Small is beautiful, wrote the German philosopher EF Schumacher more than forty years ago. True, but small can also be dangerous. Exhibit A: Public Sector Scotland.
The beauty is that everyone knows each other. Speak to SNP Ministers and you hear a familiar point being made. Unlike Whitehall – where gargantuan government departments often fail to communicate with one another, never mind anyone else – Scotland is different. Ministers in Edinburgh can wander down the corridor and knock on each other’s doors. Government, being smaller, is more coherent. You can get all the key people involved in public health, for example, – from doctors, to educators, to police chiefs – and come up with a shared plan.
The danger? It’s that everyone knows each other. Because small, self-contained systems like this are a petri dish for cosiness, cronyism and – at their worst – corruption.
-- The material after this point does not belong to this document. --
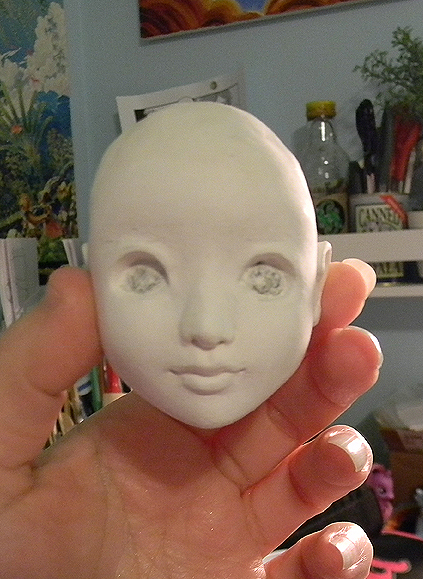 So, I’ve got the lips looking more natural now, and I brought down the nose a little and gave it some more shaping. I also started rounding out the cranium in the hopes that I can get wigs to fit better on her since her head shape was a little off. My only concern with rounding out the cranium is that her head is getting a bit larger and I worry that her head may be coming more MSD size and perhaps a bit too large for her body. I won’t really know until I get a chance to lay out the doll again though which won’t happen until after I get the last of my comic work done for the week (probably Sunday night or Monday). Still have a lot to do with this head, but I am still happy with the direction it is taking.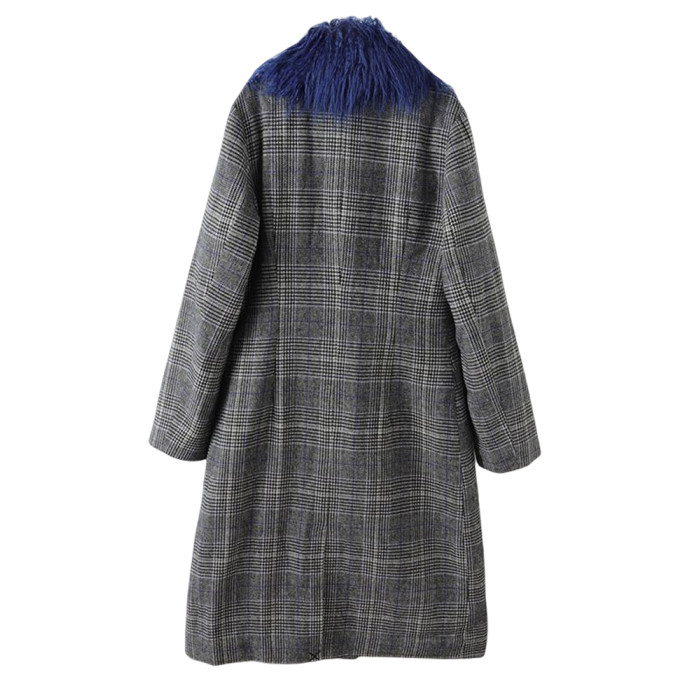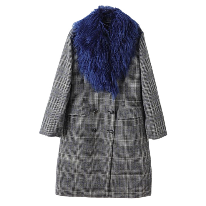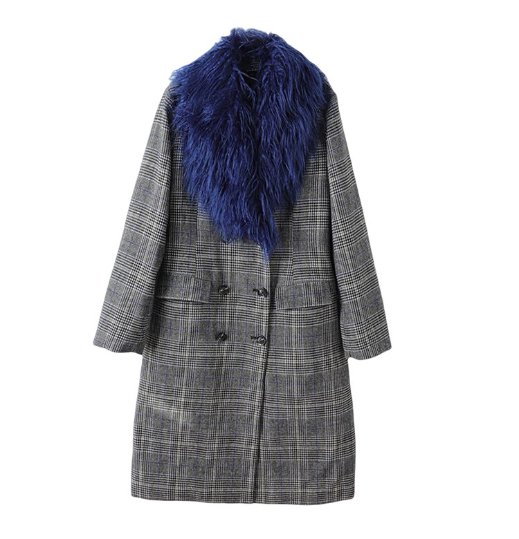 諾諾E站【GS】冬裝 女式雙排口毛呢外套毛領可拆休閒長款外套

Consider Scottish education. Cosiness and cronyism? As Aveek Bhattacharya – the chief economist at the respected Social Market Foundation – wrote recently when assessing Scottish education: “To progress to senior positions….people have to conform and avoid ‘rocking the boat’”. Education leaders, he noted, “form a relatively insular group, rotating on a merry-go-round with limited outside influence.” Or, as Melvyn Roffe, the Principal of George Watson’s College added last week, teachers know it’s more than their jobs’ worth to speak out and “are often instructed what they must or must not do” by government. Supposedly independent organisations in education, even the Inspectorate, “too often end up as apologists for policy failure”.
And corruption? Consider the remarkable revelations earlier this month after journalists uncovered an internal note from Public Health Scotland which showed that its duties now included shielding Ministers from reputational harm. To be clear, this is not its job. Public Health Scotland is the country’s national health body. On its website, it claims to offer “professionally independent” advice. Its responsibilities have included examination on Ministerial decisions to let elderly patients into care homes during the Covid crisis. Yet the note showed that, privately, it was scoring its own work to determine whether or not they criticise government policy. It’s hard to know what is more shocking: the revelations, or the assertion from Ministers that this is all perfectly in order.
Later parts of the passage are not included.